> Aim of the task: What is needed is an exact copy of the lines in the entries below from the one holding "首先,我们还是打开浏览器,在" through the one holding "[프레스뉴스] 채정병 특파원=10일(현지시간)", pictures excluded.

> Data for the task:
================
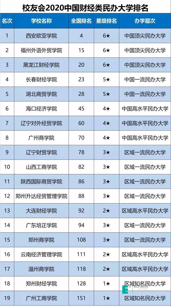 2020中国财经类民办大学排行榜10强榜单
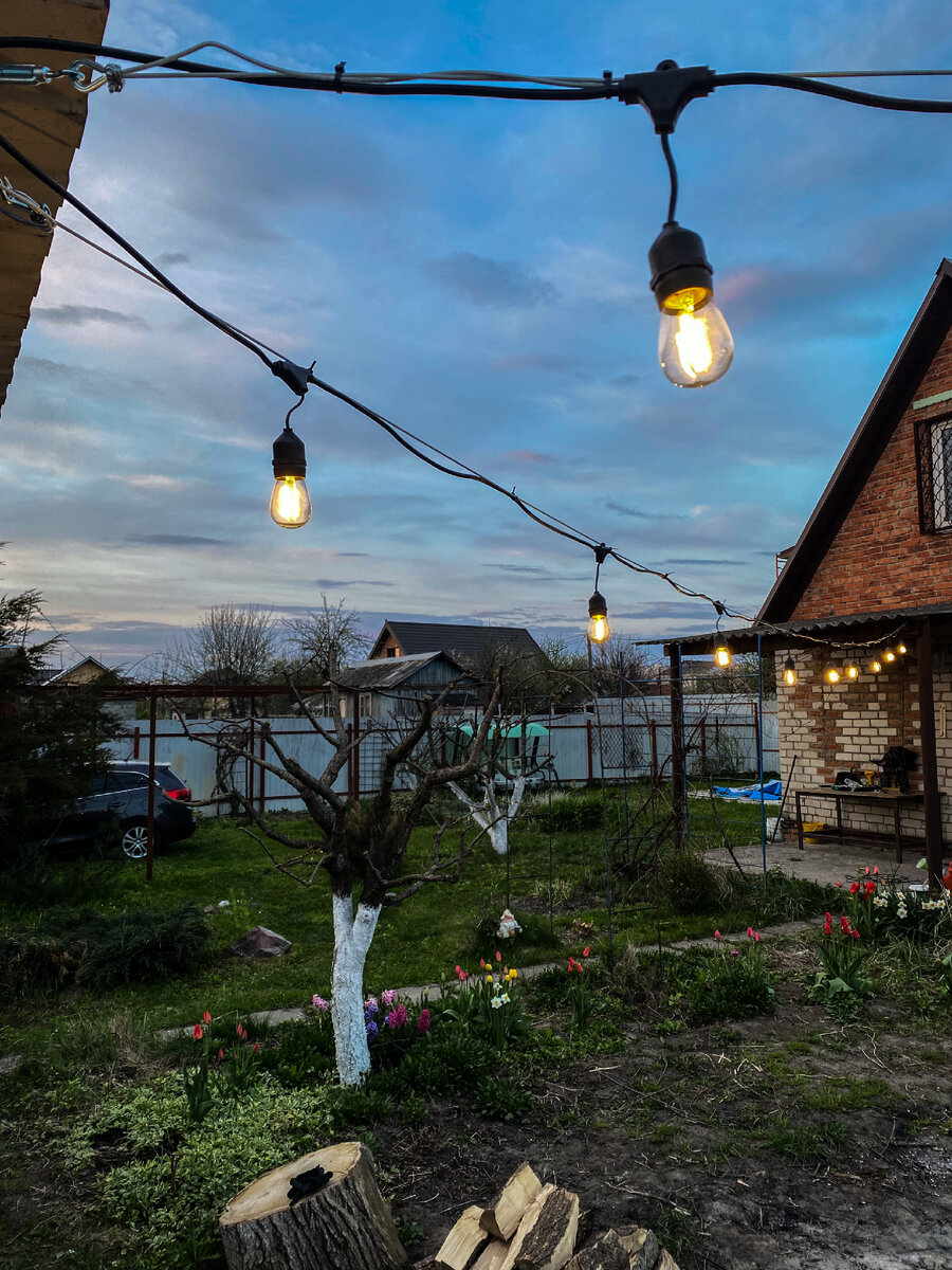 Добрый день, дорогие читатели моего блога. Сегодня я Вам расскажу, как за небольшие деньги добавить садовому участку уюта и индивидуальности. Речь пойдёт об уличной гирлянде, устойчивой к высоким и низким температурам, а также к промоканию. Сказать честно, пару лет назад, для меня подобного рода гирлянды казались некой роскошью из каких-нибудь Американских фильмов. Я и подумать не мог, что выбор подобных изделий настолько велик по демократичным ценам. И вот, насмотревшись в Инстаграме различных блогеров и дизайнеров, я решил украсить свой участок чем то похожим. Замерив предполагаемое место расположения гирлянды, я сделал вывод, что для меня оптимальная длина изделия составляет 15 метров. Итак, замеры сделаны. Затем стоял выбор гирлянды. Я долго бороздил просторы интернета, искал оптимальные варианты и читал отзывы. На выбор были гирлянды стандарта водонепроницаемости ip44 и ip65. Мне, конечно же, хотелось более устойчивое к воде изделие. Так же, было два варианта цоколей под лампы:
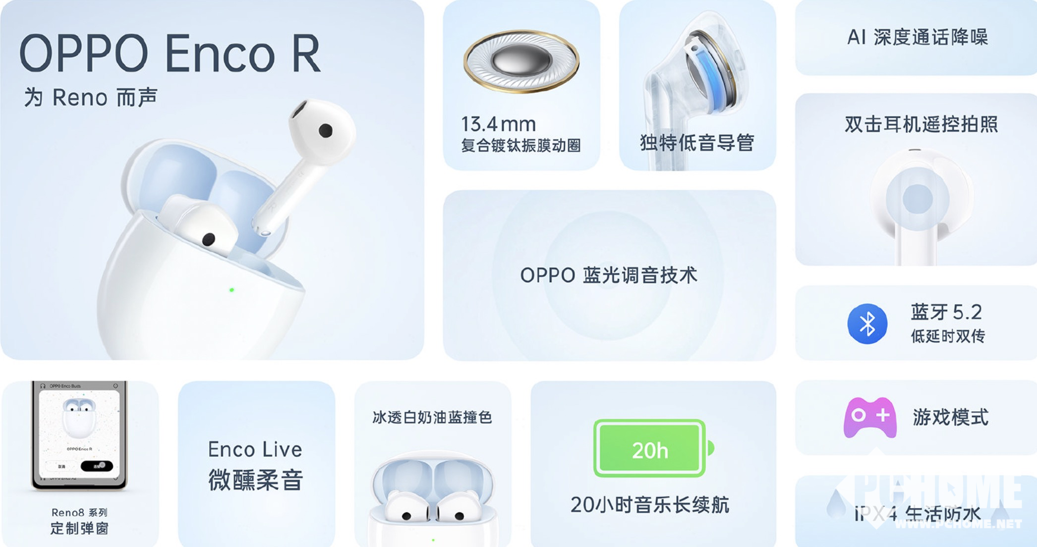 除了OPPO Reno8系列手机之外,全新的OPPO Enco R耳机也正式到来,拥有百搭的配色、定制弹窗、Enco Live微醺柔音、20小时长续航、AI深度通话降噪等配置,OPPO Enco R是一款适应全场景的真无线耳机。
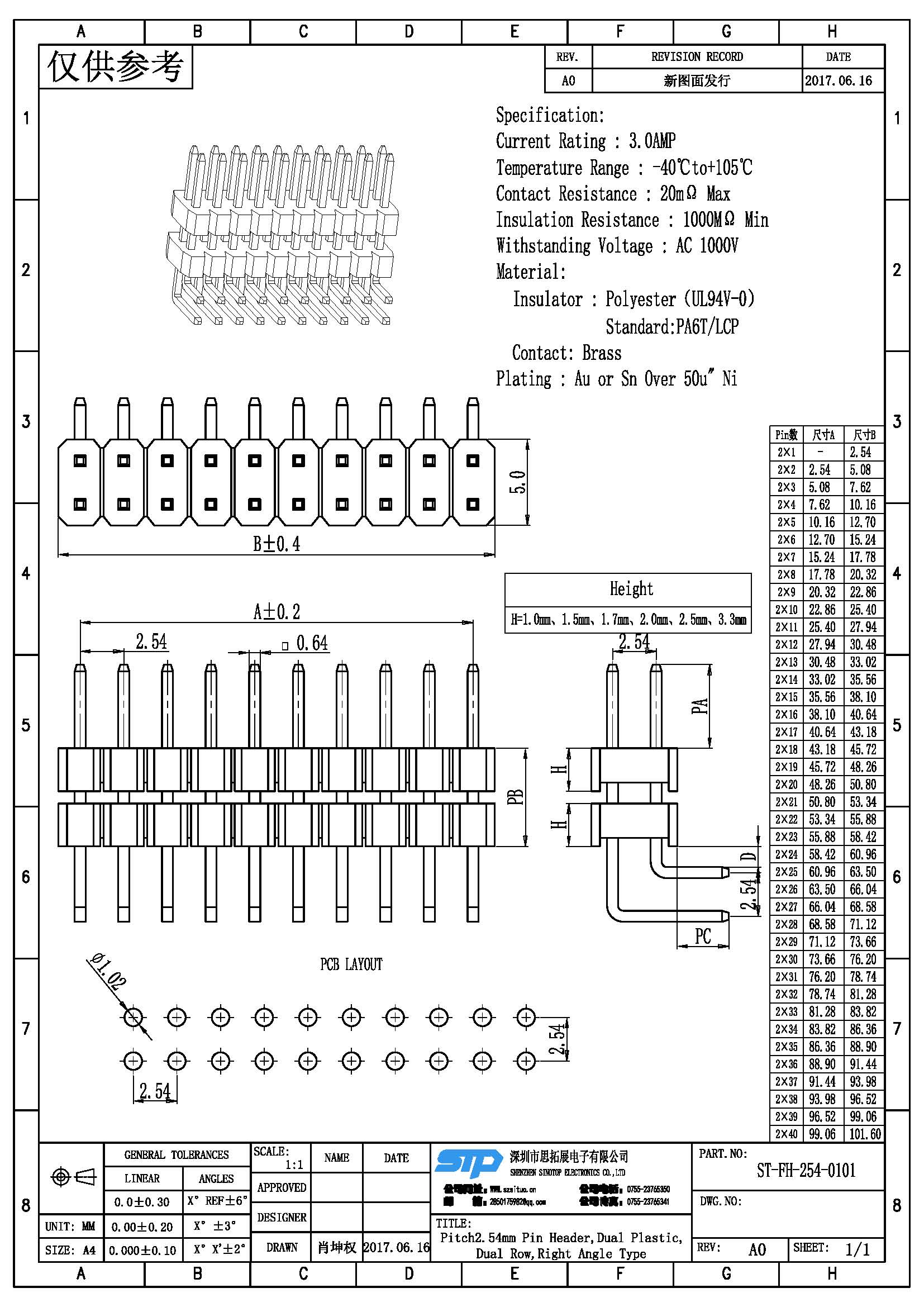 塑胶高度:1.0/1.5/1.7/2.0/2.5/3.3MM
================
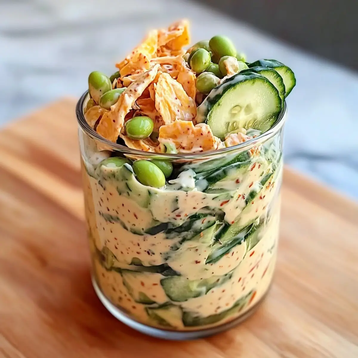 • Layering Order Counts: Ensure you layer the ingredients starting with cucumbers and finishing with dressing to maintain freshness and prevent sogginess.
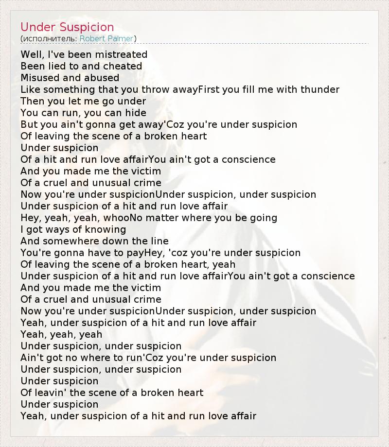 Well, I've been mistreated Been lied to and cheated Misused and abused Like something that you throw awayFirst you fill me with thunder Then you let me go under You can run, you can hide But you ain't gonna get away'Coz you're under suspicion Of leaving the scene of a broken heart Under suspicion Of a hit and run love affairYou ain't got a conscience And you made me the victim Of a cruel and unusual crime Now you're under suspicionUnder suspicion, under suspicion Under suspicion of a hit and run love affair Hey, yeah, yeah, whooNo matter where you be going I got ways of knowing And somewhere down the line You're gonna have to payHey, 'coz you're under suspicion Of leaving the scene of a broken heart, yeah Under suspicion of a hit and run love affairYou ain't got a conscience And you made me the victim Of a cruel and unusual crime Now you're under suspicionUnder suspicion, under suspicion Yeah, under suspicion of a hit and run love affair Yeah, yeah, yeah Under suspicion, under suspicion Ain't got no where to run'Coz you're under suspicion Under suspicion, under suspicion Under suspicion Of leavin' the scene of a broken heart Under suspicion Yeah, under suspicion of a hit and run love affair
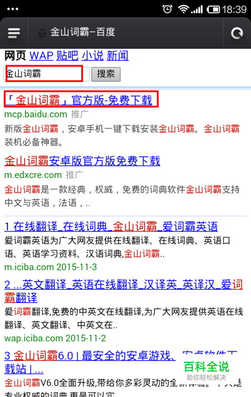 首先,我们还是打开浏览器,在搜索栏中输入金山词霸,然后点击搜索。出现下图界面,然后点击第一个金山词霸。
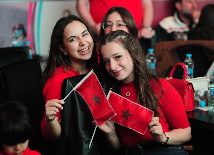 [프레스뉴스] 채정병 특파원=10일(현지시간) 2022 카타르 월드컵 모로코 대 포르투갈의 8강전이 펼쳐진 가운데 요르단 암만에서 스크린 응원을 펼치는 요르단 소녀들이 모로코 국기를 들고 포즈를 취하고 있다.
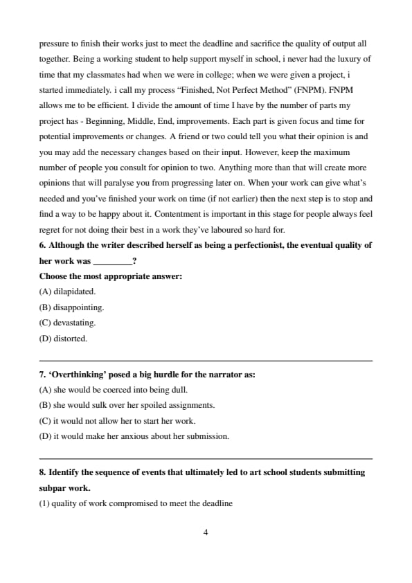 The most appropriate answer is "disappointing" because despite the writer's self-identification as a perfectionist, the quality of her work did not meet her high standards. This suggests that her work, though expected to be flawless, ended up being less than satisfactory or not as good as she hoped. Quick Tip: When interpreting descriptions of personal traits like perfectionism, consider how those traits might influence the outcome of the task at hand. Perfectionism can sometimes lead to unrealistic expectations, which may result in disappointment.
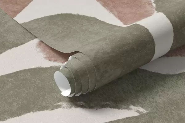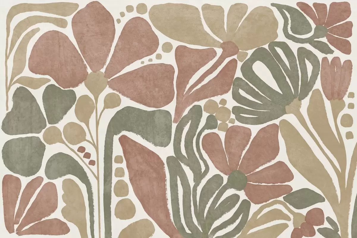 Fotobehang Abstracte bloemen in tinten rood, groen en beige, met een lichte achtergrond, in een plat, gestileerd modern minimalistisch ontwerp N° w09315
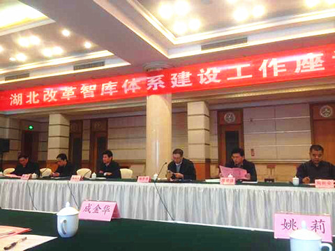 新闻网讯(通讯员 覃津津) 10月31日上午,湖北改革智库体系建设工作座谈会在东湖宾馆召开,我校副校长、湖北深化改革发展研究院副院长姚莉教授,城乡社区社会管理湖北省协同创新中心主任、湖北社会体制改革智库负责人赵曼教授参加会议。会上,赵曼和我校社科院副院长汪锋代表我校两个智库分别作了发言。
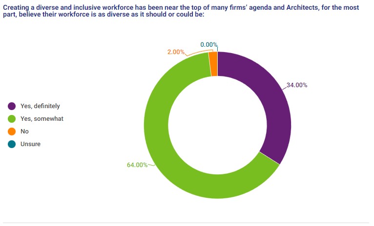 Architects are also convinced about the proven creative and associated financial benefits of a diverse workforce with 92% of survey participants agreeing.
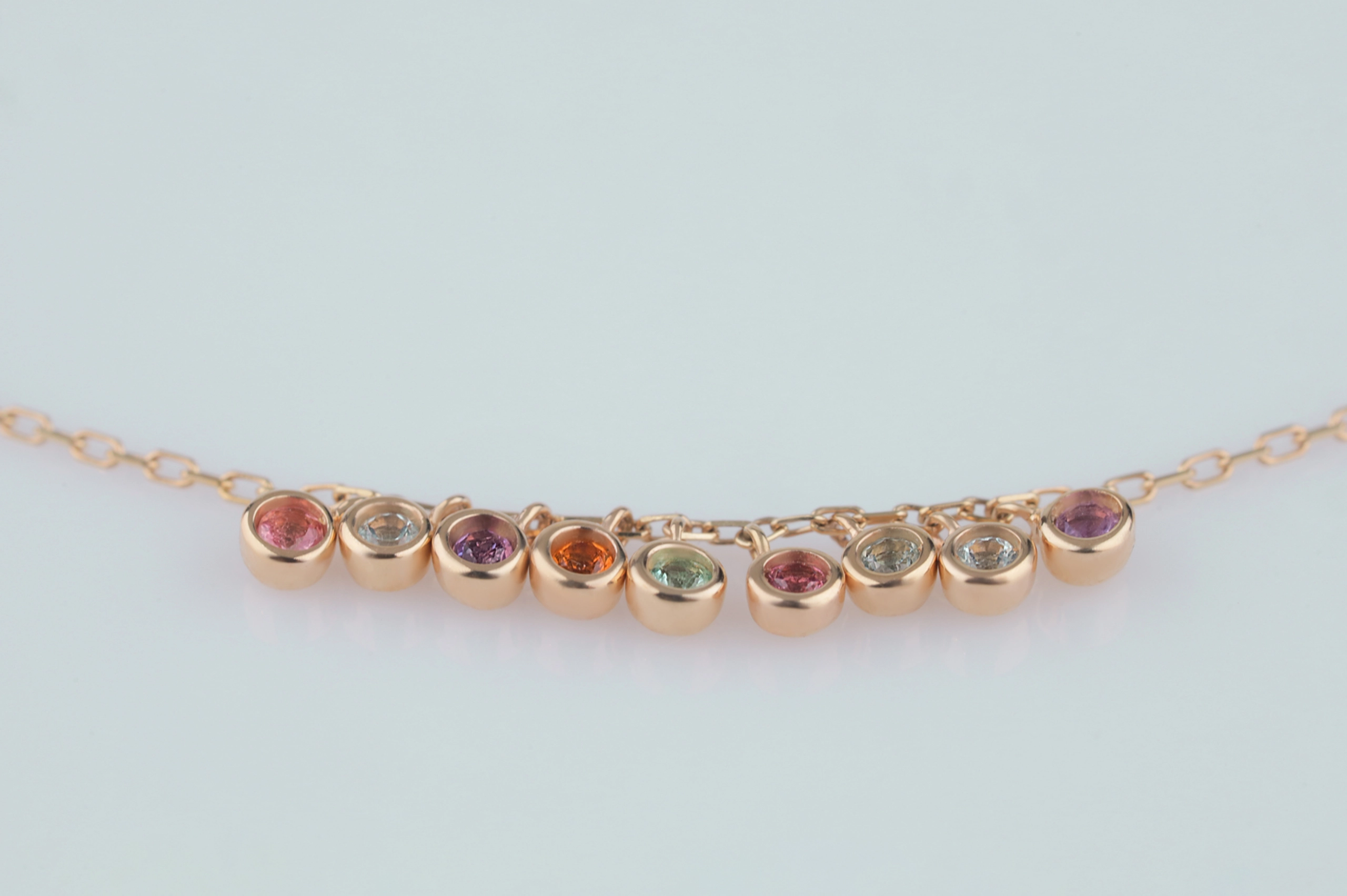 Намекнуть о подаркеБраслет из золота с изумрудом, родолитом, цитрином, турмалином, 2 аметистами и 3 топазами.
================
> Reply to the exercise:
 首先,我们还是打开浏览器,在搜索栏中输入金山词霸,然后点击搜索。出现下图界面,然后点击第一个金山词霸。
 [프레스뉴스] 채정병 특파원=10일(현지시간) 2022 카타르 월드컵 모로코 대 포르투갈의 8강전이 펼쳐진 가운데 요르단 암만에서 스크린 응원을 펼치는 요르단 소녀들이 모로코 국기를 들고 포즈를 취하고 있다.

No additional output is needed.